Moreover, Oregon lawmakers and members of Portland’s community are worried about the negative impact of secondhand smoke and what it means for their personal health and the health of their children and younger generations. The law was designed to prevent secondhand tobacco smoke in public areas, but in 2016, cannabis was added onto the list, even though secondhand smoke from cannabis is significantly different than secondhand smoke from tobacco products, especially cigarettes. There is a wide variety of scientific literature that explains the many harmful effects of cigarettes and tobacco, but there is no scientific evidence that proves how cannabis usage can cause cancer, heart disease, and other diseases.
Surprising, and quite frankly hypocritical is that this law allows tobacco smoke in places like smoke shops and cigar bars, but cannabis lounges and clubs are prohibited. As noted by Ganjapreneur.com, cannabis users are very limited regarding where they can legally consume their cannabis. Oregon residents who live in subsidized housing are not allowed to smoke indoors, nor can they smoke in most parks and other public places. Thus, the majority of cannabis users in Oregon are in quite a conundrum because they cannot utilize their individual legal rights.

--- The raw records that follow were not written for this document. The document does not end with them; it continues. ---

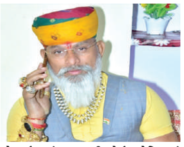
મોબાઇલ નંબર પરથી કોઈ ઓફિસમાં કોલ કરીને પાંચમી જાન્યુઆરી સુધીમાં જાનથી મારી નાખવાની ધમકી આપી હતી. કરણી સેનાની વિહ્વલવાજા હરિદેશન પાસે આવેલી ઓફિસના નંબર પર સતત ધમકી મળી હતી. જે અંગે નરોડા પોલીસ મથકે તેમણે ફરિયાદ નોંધાવતા પોલીસે તપાસ શરૂ કરી છે.

1 (એજન્સી) અમદાવાદ, તા.૨૩ | ક્ષત્રિય કરણી સેનાના રાષ્ટ્રીય અધ્યક્ષ રાજ શેખાવતને અજાણ્યા શખ્સોએ જાનથી મારી નાખવાની ધમકી આપવાની ફરિયાદ નરોડા પોલીસ મથકે નોંધવામાં આવી છે. જેમાં તેમને આગામી પાંચમી જાન્યુઆરી સુધીમાં જાનથી મારી નાખવાનો કોલ અજાણ્યા લોકોએ કર્યો હતો. આ અંગે નરોડા પોલીસે તપાસ શરૂ કરી છે. મળતી માહિતી અનુસાર કુખ્યાત ગેંગસ્ટર લોરેન્સ બિશ્નોઈના સાગરિતો દ્વારા ધમકી આપવામાં આવી છે તેવી ફરીયાદ દાખલ કરવામાં આવી છે. રાષ્ટ્રીય કરણી સેનાના સંસ્થાપક અને રાષ્ટ્રીય અધ્યક્ષ રાજ શેખાવતને ગત ૧૮મી જાન્યુઆરીના રોજ કોઈ અજાણ્યા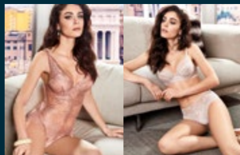
19 - FASTOSA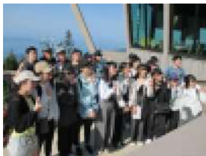
カナダ語学研修旅行では、これまでの学習の成果を発揮しました。みんな元気に無事帰国!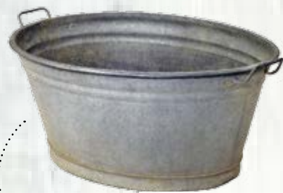
1 mastello di zinco rotondo od ovale da 40 cm di diametro o 50 cm di lunghezza, forato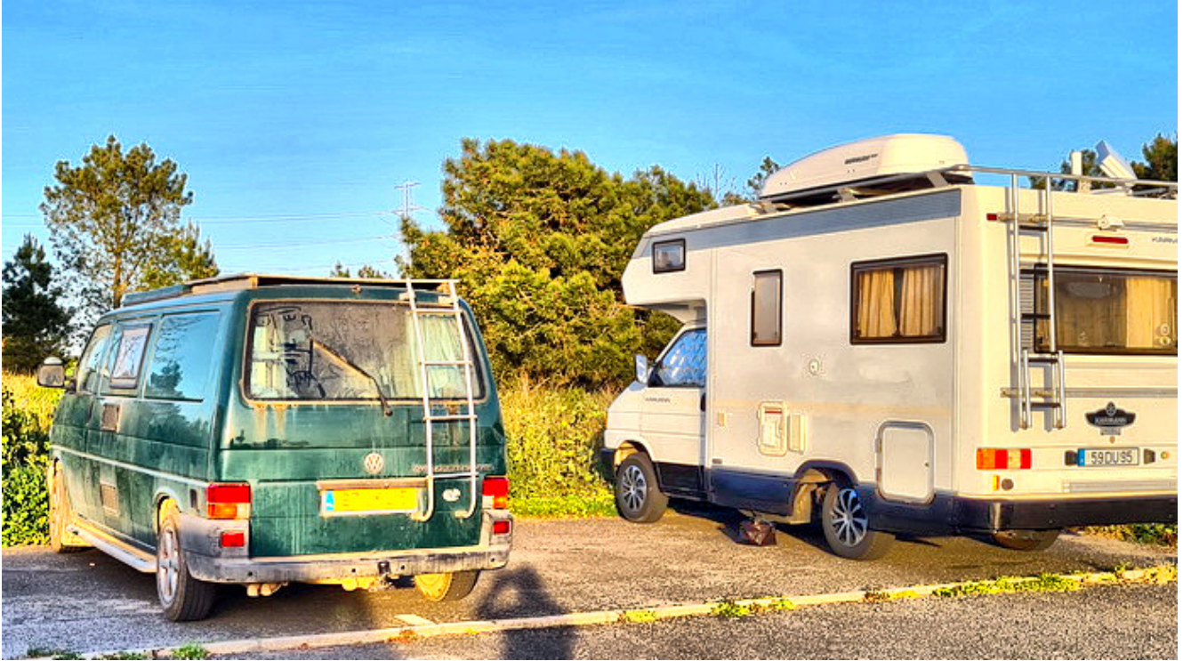
Camper T4 verde

Mejora del Camper significa mejorar tu vida en este tipo de vivienda. Ser más feliz y ganar en calidad de vida. Aunque todos podemos cambiar continuamente de opinión cada cual tiene unas preferencias y por ahí vamos a empezar.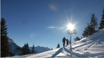
Aufstieg Ochenälpleskopf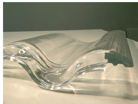
SolTechs specifika glastakpanna under tillverkning och i färdigt format.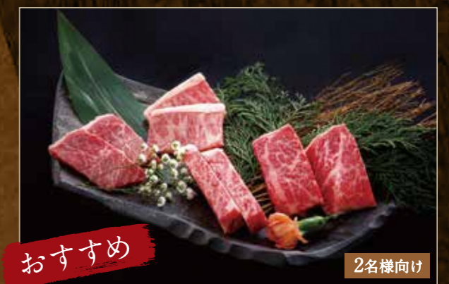
おすすめ 特選和牛4種盛 ¥2,980 (税込¥3,278)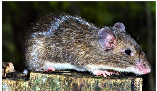
Figura 8. Ratón espinoso ( Liomys salvini ).

Orden Carnivora. Un total de 16 especies habitan esta región, dos especies de cánidos, la zorra Urocyon cinereoargenteus y el coyote Canis latrans , los cuales son comunes. También es posible encontrar tres especies de mofetas ( Mephitis , Spilogale y Conepatus ), M. macroura es más común en tierras bajas áridas (Davis y Russell, 1954) y los bosques deciduos (Ten Hwang y Larivière, 2001). Entre los prociónidos es común el mapache Procyon lotor , asociado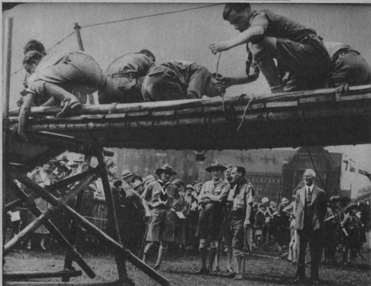
Twórca skautingu lord Baden-Powell przypatruje się ćwiczeniom skautów londyńskich.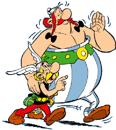
Asterix y Obelix

Son una pareja de Galos invencibles gracias a una poción mágica que les prepara su druida. Asterix es muy alegre y Obelix un comilón, su plato preferido es el jabalí.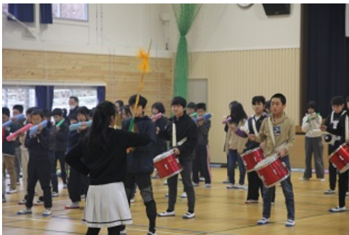
旧鼓笛隊による堂々の演奏

全面改修した体育館は、内装・外装ともに見違えるようにきれいになりました。昭和52年に落成してから47年が経過し、老朽化が進んでおりました。そこで、昨年7月より全面改修工事が始まり、関係者のご努力により1月中旬には完成し、1月20日に引き渡していただきました。今回の工事では、断熱効果の高い塗料が使われたり、床もクッション性のあるものに変わったり、サッシやカーテンもすべて新しくなりました。また、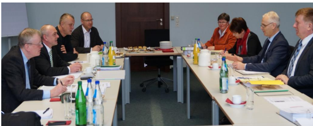
Während der Verhandlung am 9. Februar 2016 im Sächsischen Finanzministerium in Dresden

On a similar note, the owner of The World-Famous Cannabis Cafe expressed to OregonLive.com how saddened she was to have to close down her cafe due to the warnings she received from public health officials. She was told that her establishment violated many indoor air rules, and that she was breaking state law. Martinez, the cafe’s owner, wasn’t ready to quit just then, though. According to OregonLive.com, she stated the following about this issue: “I told them they are infringing on my constitutional rights. I have a right to gather peacefully. That is what I am exercising. They are very concerned about the toxicity (of cannabis smoke), which is ridiculous.” This specific cafe and other cannabis cafes and lounges have a strict “BYOC” rule, which means that people have to bring their own cannabis. The cafes are not legally allowed to sell cannabis, because only licensed dispensaries can do so.
In addition, other cannabis clubs, including “The Other Spot,” were forced to close due to concerns about the establishment breaking clean air rules. Oregon’s senator, Floyd Prozanski, attempted to bring an amendment into place that would exempt cannabis cafes from the state’s clean air law, but unfortunately, there was not enough support to pass it. Regardless, Martinez, Prozanski, other cannabis activists, and the overall Oregon cannabis community will continue to fight for their rights to consume a medically and recreationally legal herb in enclosed cafes like The World-Famous Cannabis Cafe.
As much as Martinez wanted to keep The World-Famous Cannabis Cafe running, she was faced with hefty fines that she could no longer bear. As noted by MarijuanaPolitics.com, a cannabis club/lounge that allows smoking or vaping will result in a maximum fine of $500 per day. Thus, Martinez is working on shifting her focus and attention to lobbying for a concrete change to the ‘Indoor Clean Air Act’ during 2017.